Extracted records:
★ ★ ★

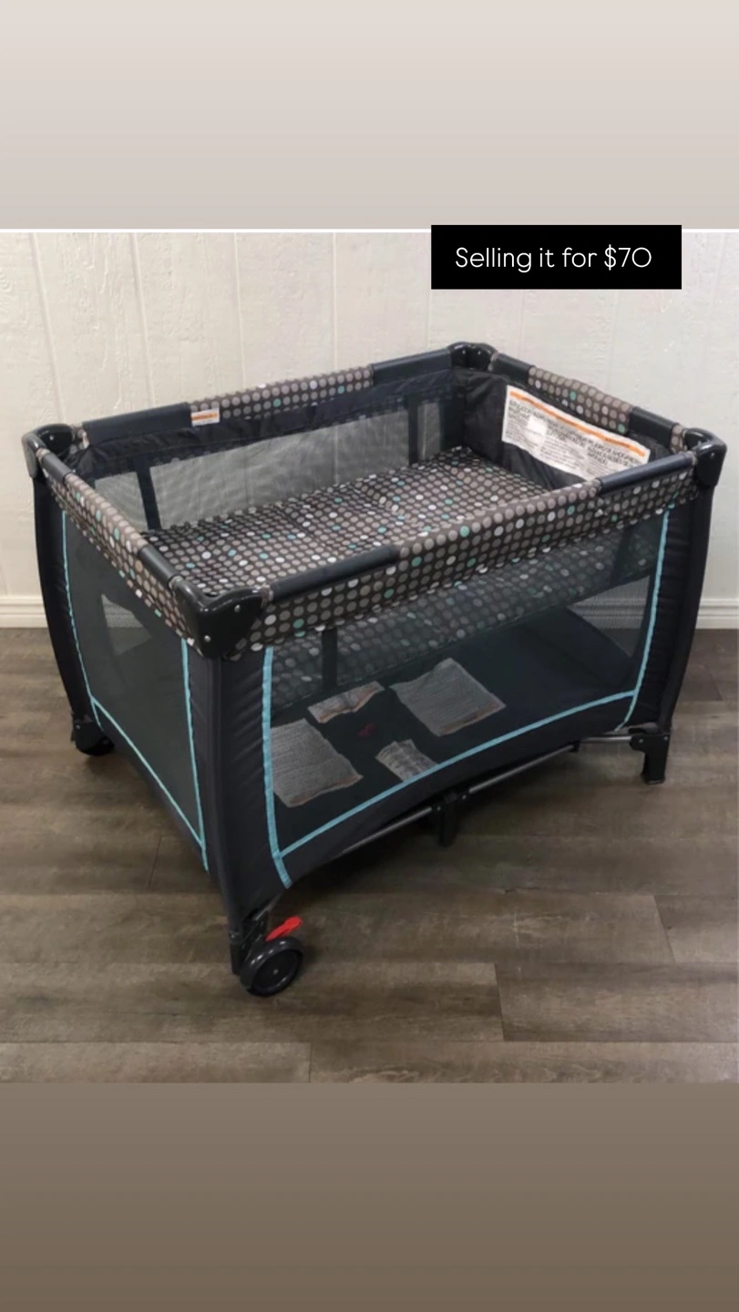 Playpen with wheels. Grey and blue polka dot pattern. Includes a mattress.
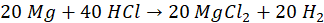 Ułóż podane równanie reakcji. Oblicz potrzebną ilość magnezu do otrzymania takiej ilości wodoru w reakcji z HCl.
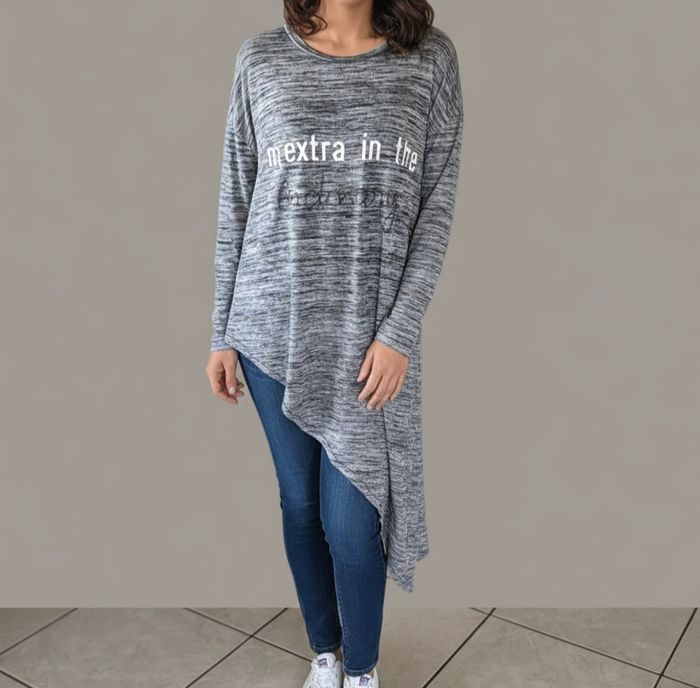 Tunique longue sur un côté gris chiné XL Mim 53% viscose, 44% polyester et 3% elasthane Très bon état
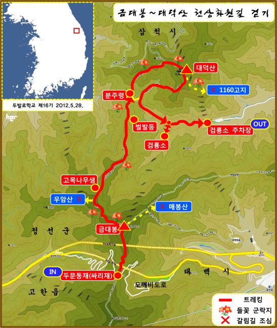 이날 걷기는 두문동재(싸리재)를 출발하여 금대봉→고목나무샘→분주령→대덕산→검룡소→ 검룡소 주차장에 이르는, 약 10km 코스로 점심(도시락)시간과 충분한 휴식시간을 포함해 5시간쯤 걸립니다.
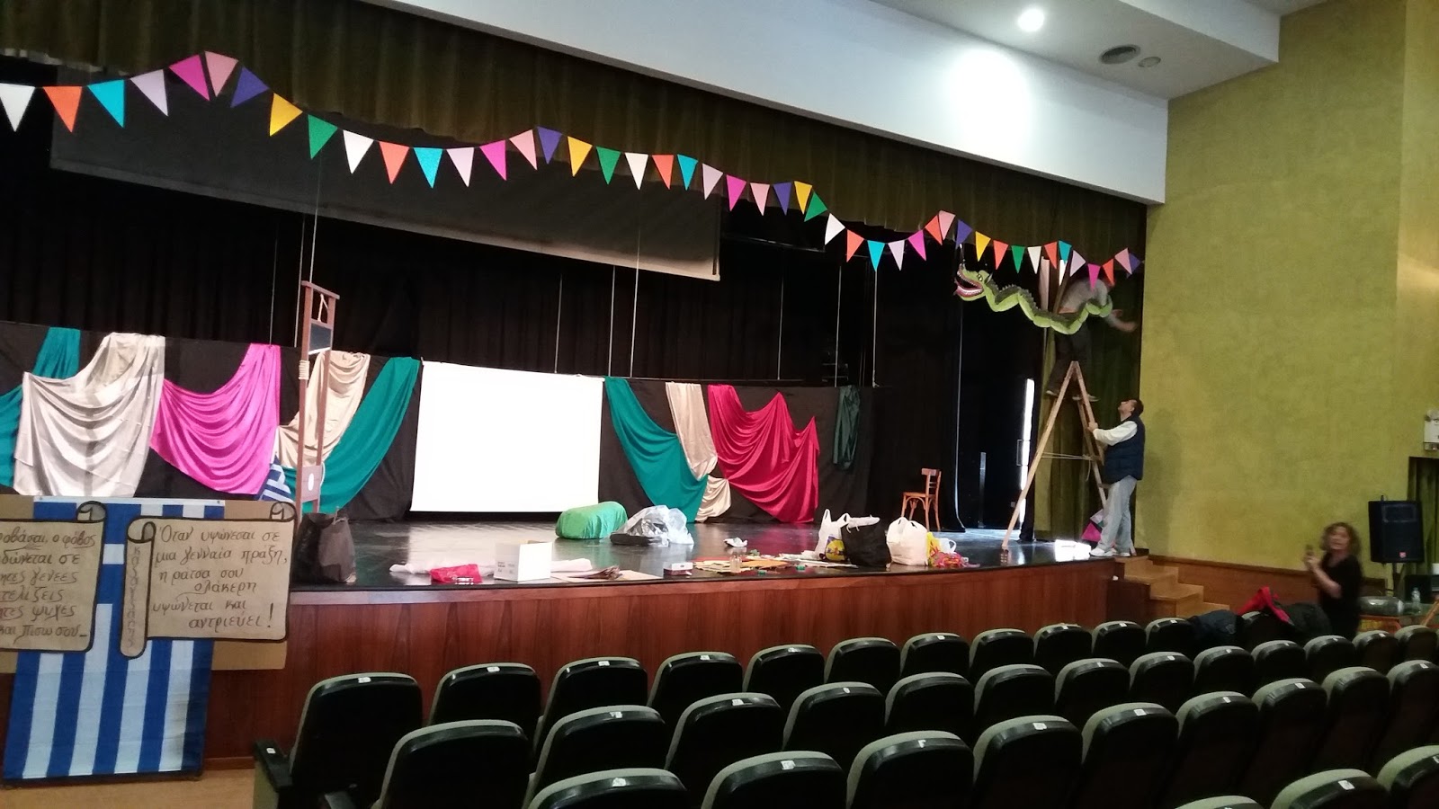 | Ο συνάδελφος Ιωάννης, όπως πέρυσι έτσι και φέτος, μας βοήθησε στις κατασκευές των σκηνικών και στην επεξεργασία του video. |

★ ★ ★

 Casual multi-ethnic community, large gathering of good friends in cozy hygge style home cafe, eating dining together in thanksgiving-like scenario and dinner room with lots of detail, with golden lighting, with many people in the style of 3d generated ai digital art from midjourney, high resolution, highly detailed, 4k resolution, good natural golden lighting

★ ★ ★

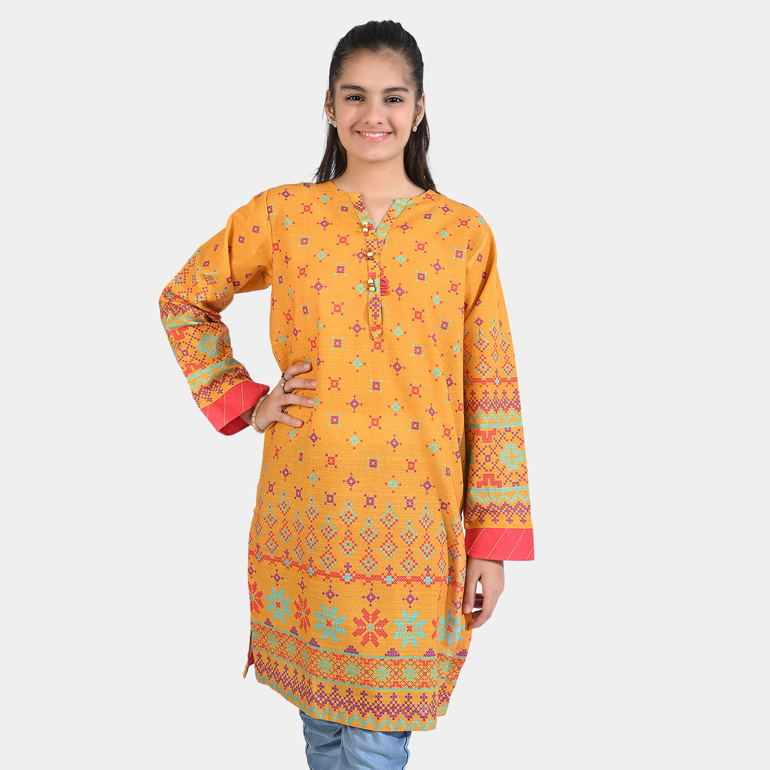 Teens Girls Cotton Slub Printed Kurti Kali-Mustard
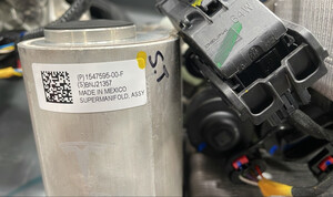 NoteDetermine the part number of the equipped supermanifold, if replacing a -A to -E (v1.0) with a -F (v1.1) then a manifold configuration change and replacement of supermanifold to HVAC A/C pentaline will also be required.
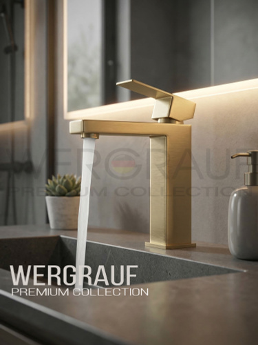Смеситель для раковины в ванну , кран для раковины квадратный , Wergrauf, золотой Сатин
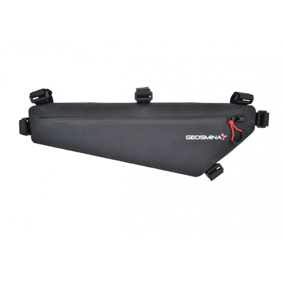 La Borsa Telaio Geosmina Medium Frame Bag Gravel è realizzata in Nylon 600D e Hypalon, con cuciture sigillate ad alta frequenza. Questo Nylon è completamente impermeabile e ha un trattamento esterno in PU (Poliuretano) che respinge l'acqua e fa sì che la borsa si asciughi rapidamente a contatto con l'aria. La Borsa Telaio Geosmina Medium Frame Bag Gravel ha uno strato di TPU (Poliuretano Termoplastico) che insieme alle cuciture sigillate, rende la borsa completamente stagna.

★ ★ ★

What is needed: Starting with the line above that holds "NoteDetermine the part", restate each line word for word up to and including the line that holds "La Borsa Telaio Geosmina Medium Frame Bag Gravel è". Drop the pictures.

Exercise response:
 NoteDetermine the part number of the equipped supermanifold, if replacing a -A to -E (v1.0) with a -F (v1.1) then a manifold configuration change and replacement of supermanifold to HVAC A/C pentaline will also be required.
Смеситель для раковины в ванну , кран для раковины квадратный , Wergrauf, золотой Сатин
 La Borsa Telaio Geosmina Medium Frame Bag Gravel è realizzata in Nylon 600D e Hypalon, con cuciture sigillate ad alta frequenza. Questo Nylon è completamente impermeabile e ha un trattamento esterno in PU (Poliuretano) che respinge l'acqua e fa sì che la borsa si asciughi rapidamente a contatto con l'aria. La Borsa Telaio Geosmina Medium Frame Bag Gravel ha uno strato di TPU (Poliuretano Termoplastico) che insieme alle cuciture sigillate, rende la borsa completamente stagna.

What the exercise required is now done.